El otro le respondió ahuecando la voz y achulando el gesto:

—Si te lo cuento, niña, te desmayas. He recorrido medio mundo y estoy de vuelta. ¿Es que no te basta?… Y dejemos estas cosas; te invito esta noche al cine para celebrarlo.

Carmen dudó:

—¿Al cine? No, chico, al cine te vas tú solito si quieres, pero la hija de la señora Pepa se queda en casita jugando a que los dedos se le hacen huéspedes.

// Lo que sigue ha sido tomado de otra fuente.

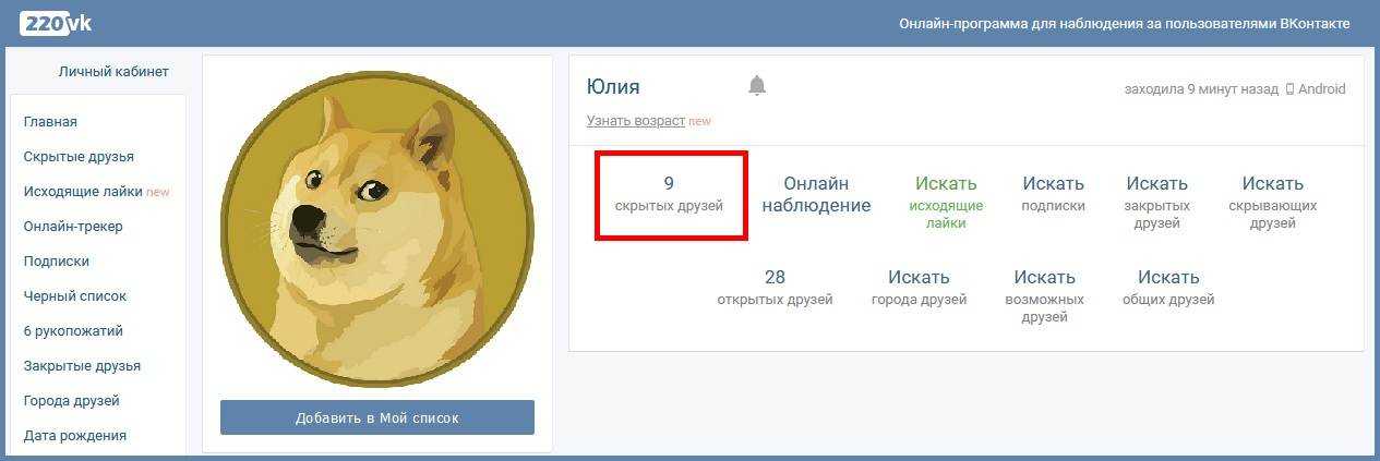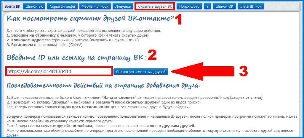 Ещё один популярный сервис, работающий аналогично 220ВК. Он позволяет посмотреть, кого скрывает выбранный пользователь. Для получения информации о спрятанных друзьях выполняем такие действия: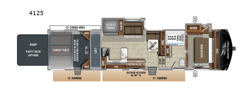 You will love every minute that you spend with this Seismic toy hauler! Whether you're sitting at the L-shaped dinette waiting for dinner to be prepared on the three-burner range top, or you're lounging on the convertible sofas as you watch a movie on the 32" LED TV in the garage, you will thoroughly enjoy all of the modern comforts and conveniences that this unit has to offer.

El muchacho se cortó. Lo había dado todo por hecho; humilló el rostro:

—Bueno, no es para ponerse así. Si no quieres venir, no vengas. No creas que voy a insistir más. Y ¿ahora me aceptas un vermut donde tú elijas, princesa?

Carmen se enfadó:

—Mira, menos guasas, porque… Pero, ¡qué te has creído tú! Me estás confundiendo.

El muchacho se cansaba:

—Tengamos la fiesta en paz. Que tú no quieres venir y te las das de aristócrata en Biarritz… pues ándale; otras querrán venir. De modo, chata, que hasta siempre.

Carmen subió la escalera llorando. Las hermanas querían consolarla:

—Pero ¿qué te ha pasado? Cuenta, mujer. Deja de llorar, que vas a inundar la casa.

Carmen repetía:

—Yo he tenido la culpa, yo y sólo yo. Lo hubiera ahogado de la rabia que me ha dado. Es que es un chulo.

Intervino la madre:

—¿Quién es un chulo, hija mía, y de qué has tenido tú la culpa?

Los problemas de las cuatro mujeres eran distintos de los del señor Santiago. Los problemas de las cuatro mujeres, en aquello que nada tenía que ver con la vida de la casa, se examinaban y resolvían en la cocina, mientras el señor Santiago leía periódicos atrasados, porque, según afirmaba, no le agradaba enterarse de las cosas que estaban sucediendo en España. Las tres hermanas se relataban minuciosamente encuentros con hombres que podían valorarse como futuros novios. La madre arbitraba. Siempre, a última hora, ponía apostillas a lo que se había dicho:

—Me parece que mientras esto dure no debéis pensar en el matrimonio.

Y la respuesta inmediata de cualquiera de sus hijas:

—Vete a decírselo a Fulana, que ya está casada y cansada de estar casada.

La madre explicaba:

—¿Es que no entendéis que casarse así no es casarse ni medio casarse ni nada? Esos casamientos son inservibles. No hay más que una forma, la fetén, y ahora no se puede; de modo que a esperar tiempos mejores. Bien está que lo vayáis pensando, pero nada de apresuramientos.

El señor Santiago había dejado de fumar. Cuando sentía deseos de fumar, sacaba del bolsillo un puñado de simientes de girasol y lentamente las iba descascarillando y llevándoselas a la boca.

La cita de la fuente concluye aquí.